Combined, these results suggest that the members of the acI lineage are photoheterotrophs and that their survival depends on the availability of a diverse array of N-rich compounds, saccharides, and light. The acI lineage does not appear to be metabolically self-sufficient and may participate in the turnover of high-molecular-weight dissolved organic compounds, such as starch, glycogen, and cellulose. Metatranscriptomic analysis showed that transport proteins were among those most highly expressed in the acI genomes, and expression of multiple putative amino acid transporters may facilitate uptake of these labile compounds. We also observed differences in the relative levels of expression of these transporters, which may point to clade-specific differences in affinities for these substrates. Finally, the actinorhodopsin protein was highly expressed and may facilitate synthesis of the ATP needed to drive acI’s many ABC-type transporters.
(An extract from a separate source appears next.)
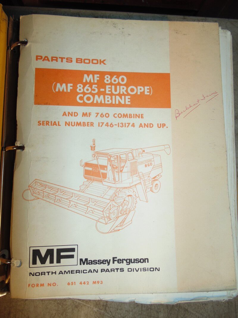 Massey Ferguson MF860 (MF865- Europe Combine) and MF760 Combine Parts Manual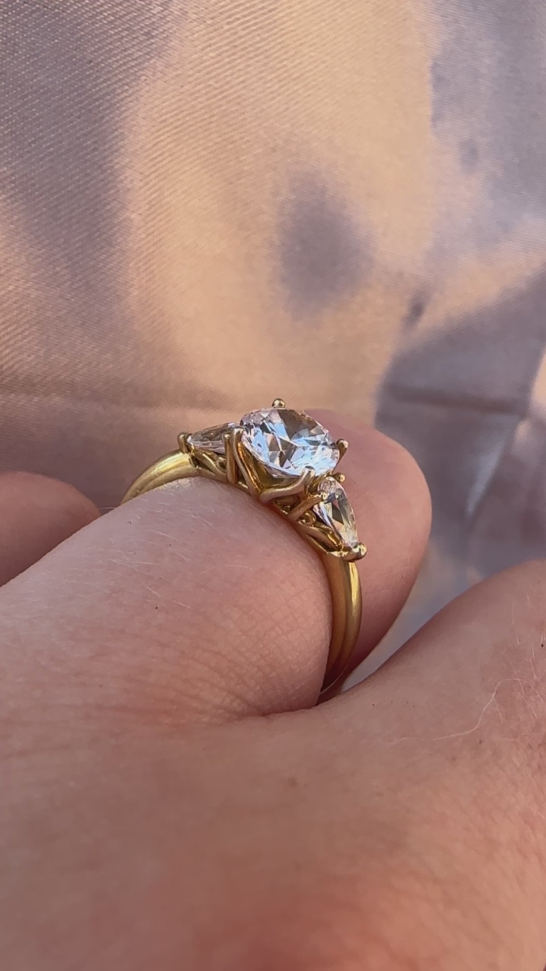 Our signature three-stone design features a stunning 1 carat (6.5mm) centre stone complemented by two 0.15 carat pear-cut side stones. This trilogy arrangement symbolizes life's chapters: where you've been, where you are, and where you're headed together. As they say, good things come in threes, making this design a meaningful celebration of your love story.

Finally, the fragmented and incomplete nature of SAGs and MAGs required us to construct composite genomes for individual acI clades by leveraging multiple genomes from closely related populations. Such an approach limits the resolution of predictions, as we cannot make predictions at the level of tribes, smaller populations, or individual cells. Thus, metabolic diversification at these taxonomic levels would be missed. Constructing composite genomes may also overestimate the metabolic capabilities of a clade or group; for example, if a complete pathway is present in a clade but is distributed among different tribes, the clade would be able to carry out the activity of the entire pathway in situ only if all tribes were present in close enough proximity to exchange pathway intermediates. Nonetheless, the seed set approach provides a framework that can be used to generate new hypotheses about the substrates used by members of a defined phylogenetic group, provided that multiple closely related genomes are available. As metagenomic assembly and binning techniques and single-cell sequencing methods improve and complete genomes become available, we anticipate our approach being applied to individual microbial genomes.

MATERIALS AND METHODS

A freshwater reference genome collection.This study relied on an extensive collection of freshwater bacterial genomes containing MAGs obtained from two metagenomic time series from two Wisconsin lakes (27, 39) as well as SAGs from three lakes in the United States (21). Additional information about this genome collection can be found in Text S1.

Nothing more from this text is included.